IAM supports IdPs that are compatible with OpenID Connect (OIDC) or SAML 2.0 (Security Assertion Markup Language 2.0). After you create an IAM identity provider, you must create one or more IAM roles that can be dynamically assigned to a federated user.

For more information about IAM identity providers and federation, see Identity providers and federation.

Cross-account access between AWS accounts

You want to share access to certain AWS resources with users in other AWS accounts.

Roles are the primary way to grant cross-account access. However, some AWS services allow you to attach a policy directly to a resource (instead of using a role as a proxy). These are called resource-based policies.

For more information about IAM roles, see IAM roles.

For more information about service-linked roles, see Using service-linked roles.

For information about which services support using service-linked roles, see AWS services that work with IAM. Look for the services that have Yes in the Service-Linked Role column. To view the service-linked role documentation for that service select the link associated with the Yes in that column.

Long-term credentials for designated IAM users in your AWS account

You might have specific use cases that require long-term credentials with IAM users in AWS. You can use IAM to create these IAM users in your AWS account, and use IAM to manage their permissions. Some of the use cases include the following:

  • Workloads that can't use IAM roles

  • Third-party AWS clients that require programmatic access through access keys

  • Service-specific credentials for AWS CodeCommit or Amazon Keyspaces

  • AWS IAM Identity Center is not available for your account and you have no other identity provider

As a best practice in scenarios in which you need IAM users with programmatic access and long-term credentials, we recommend that you update access keys when needed.
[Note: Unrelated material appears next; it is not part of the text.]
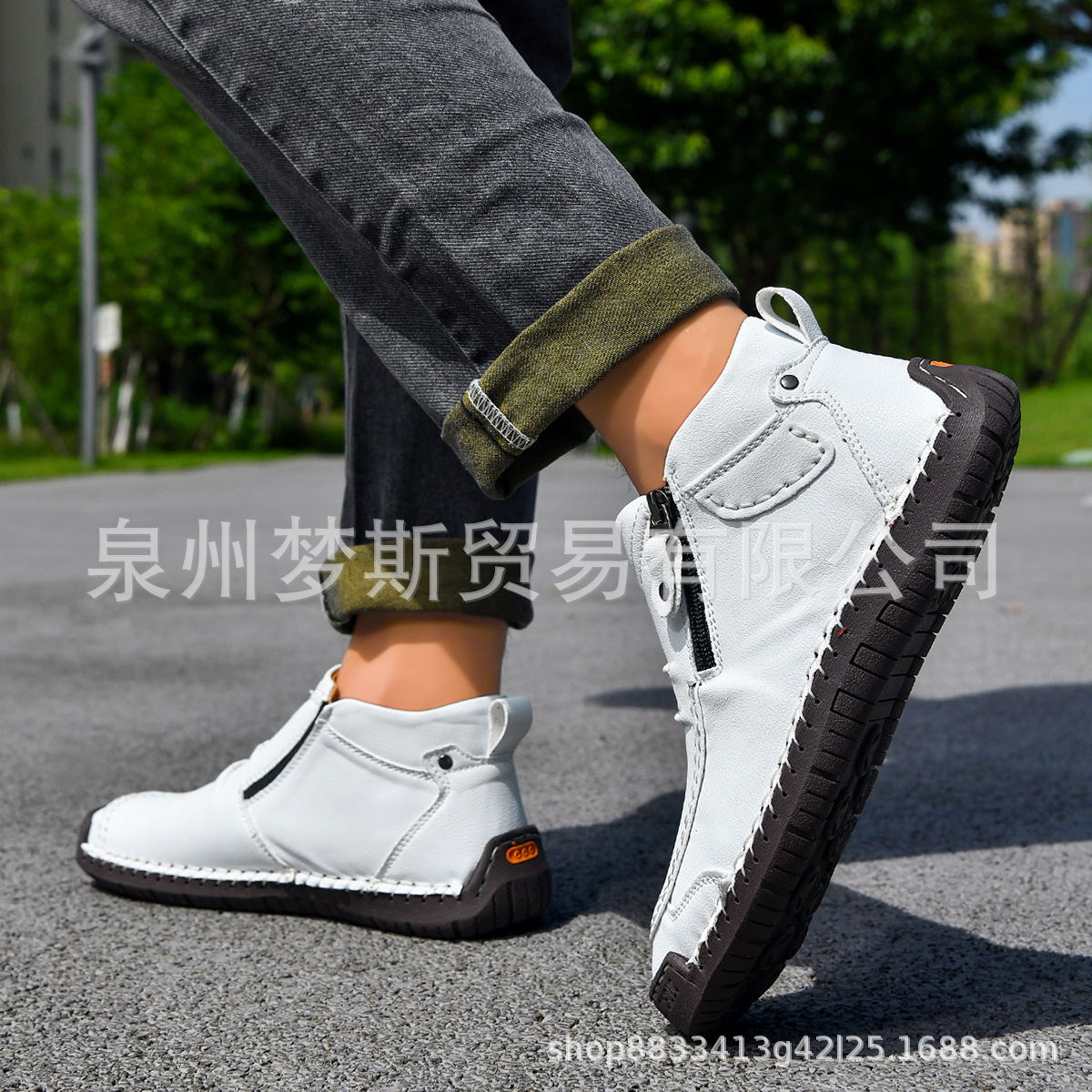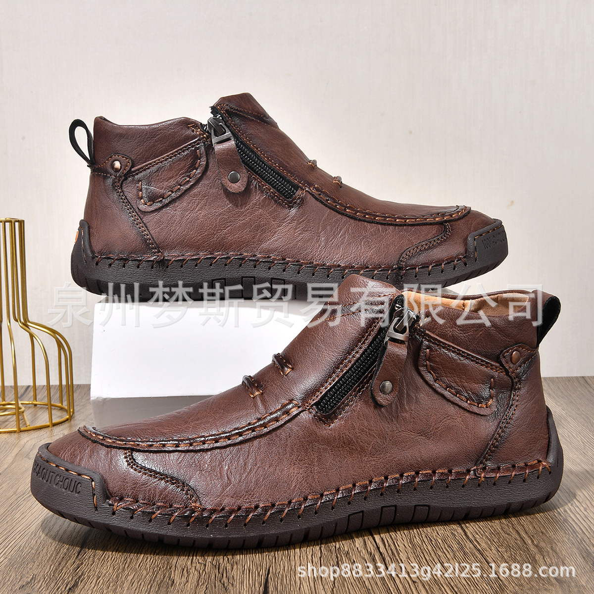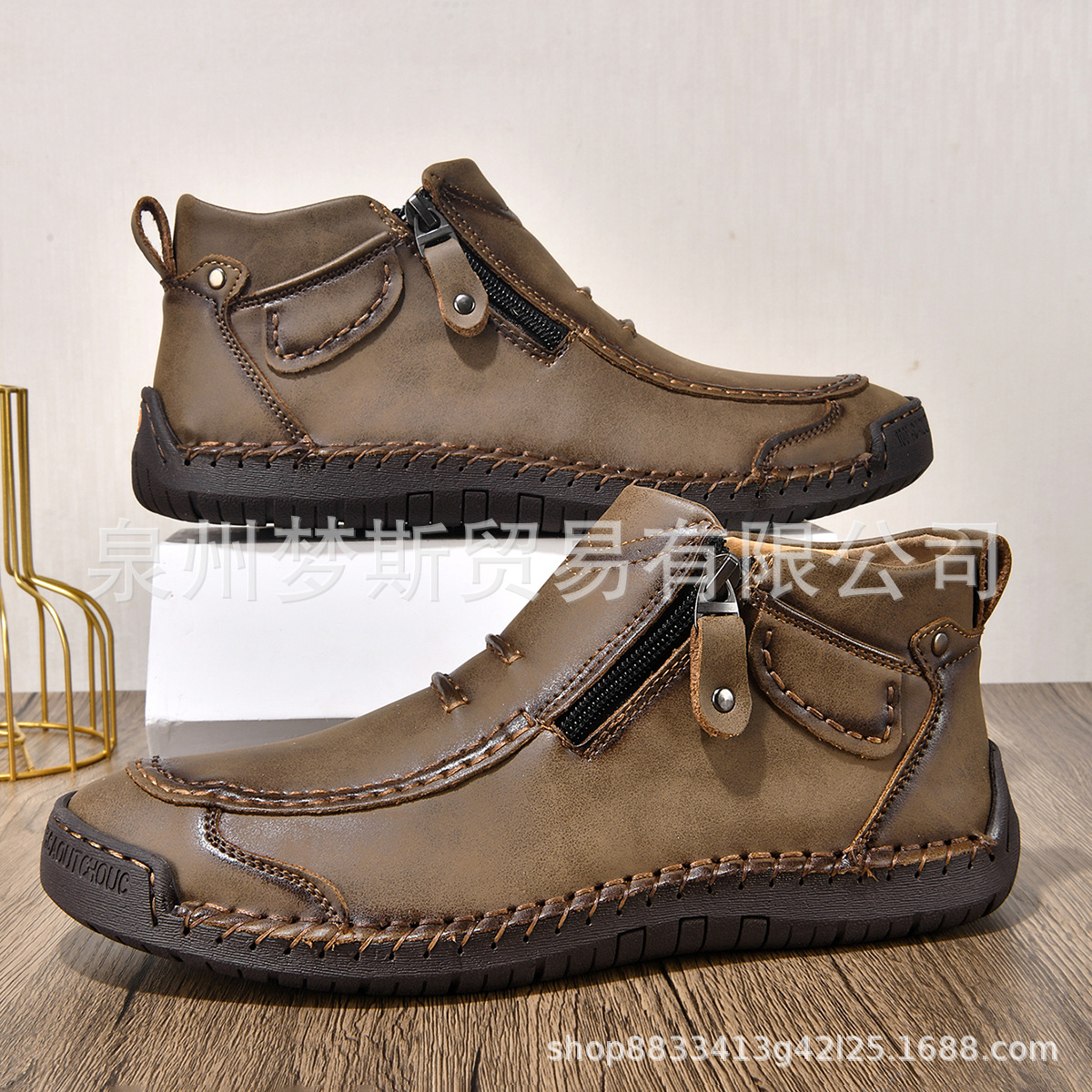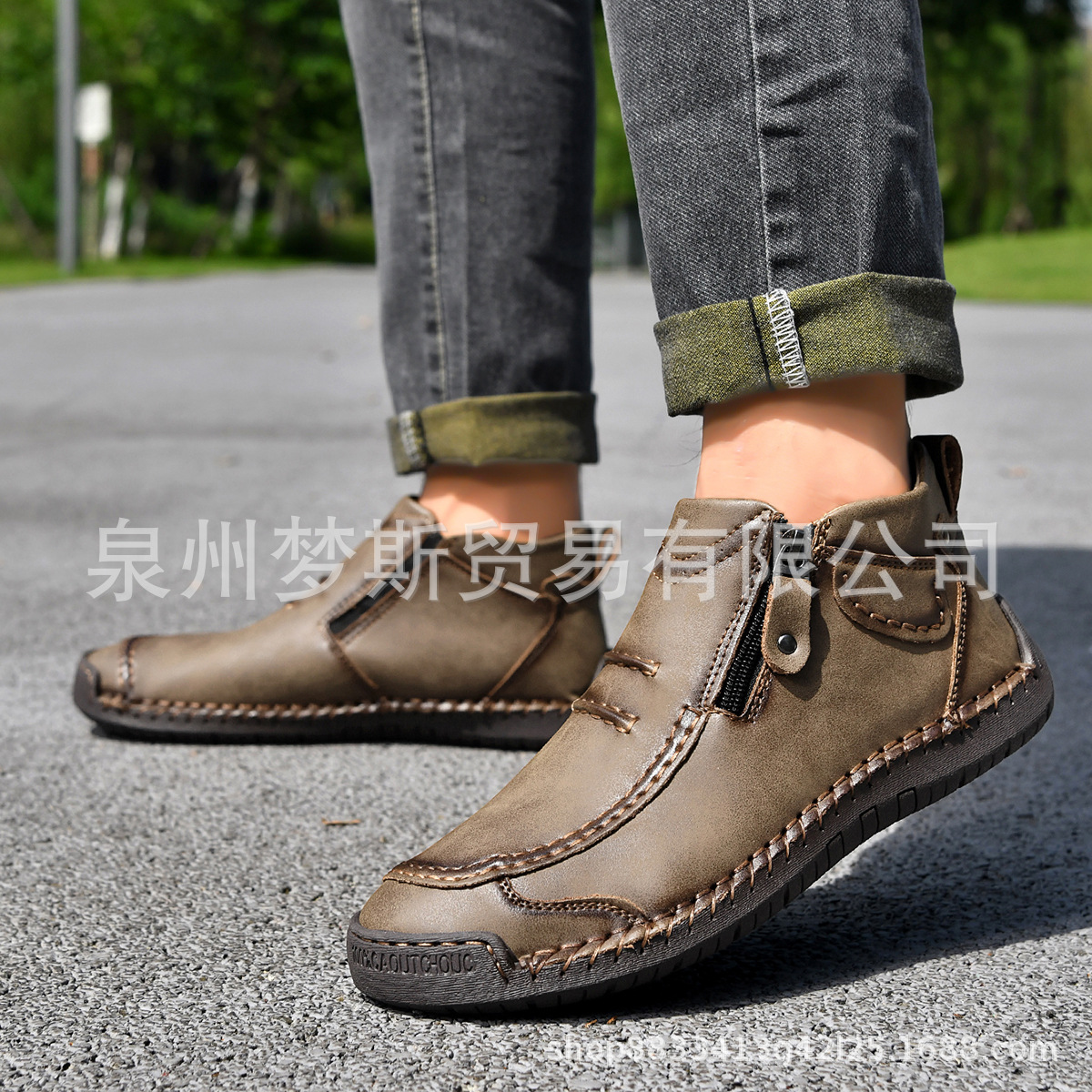 Популярные на Amazon мужские ботинки средней высоты, большие размеры 48, ботинки в стиле Мартин, ретро-мужские повседневные туфли, ботинки ручной работы.

For more information, see Updating access keys.

For more information about setting up an IAM user, see Creating an IAM user in your AWS account.

For more information about IAM user access keys, see Managing access keys for IAM users.

For more information about service-specific credentials for AWS CodeCommit or Amazon Keyspaces, see Using IAM with CodeCommit: Git credentials, SSH keys, and AWS access keys and Using IAM with Amazon Keyspaces (for Apache Cassandra).

Programmatic access

Users need programmatic access if they want to interact with AWS outside of the AWS Management Console. The way to grant programmatic access depends on the type of user that's accessing AWS:

  • If you manage identities in IAM Identity Center, the AWS APIs require a profile, and the AWS Command Line Interface requires a profile or an environment variable.

  • If you have IAM users, the AWS APIs and the AWS Command Line Interface require access keys. Whenever possible, create temporary credentials that consist of an access key ID, a secret access key, and a security token that indicates when the credentials expire.

To grant users programmatic access, choose one of the following options.

Which user needs programmatic access? To By

Workforce identity

(Users managed in IAM Identity Center)

Use short-term credentials to sign programmatic requests to the AWS CLI or AWS APIs (directly or by using the AWS SDKs).

Following the instructions for the interface that you want to use:

IAM Use short-term credentials to sign programmatic requests to the AWS CLI or AWS APIs (directly or by using the AWS SDKs). Following the instructions in Using temporary credentials with AWS resources.
IAM Use long-term credentials to sign programmatic requests to the AWS CLI or AWS APIs (directly or by using the AWS SDKs).

(Not recommended)

Following the instructions in Managing access keys for IAM users.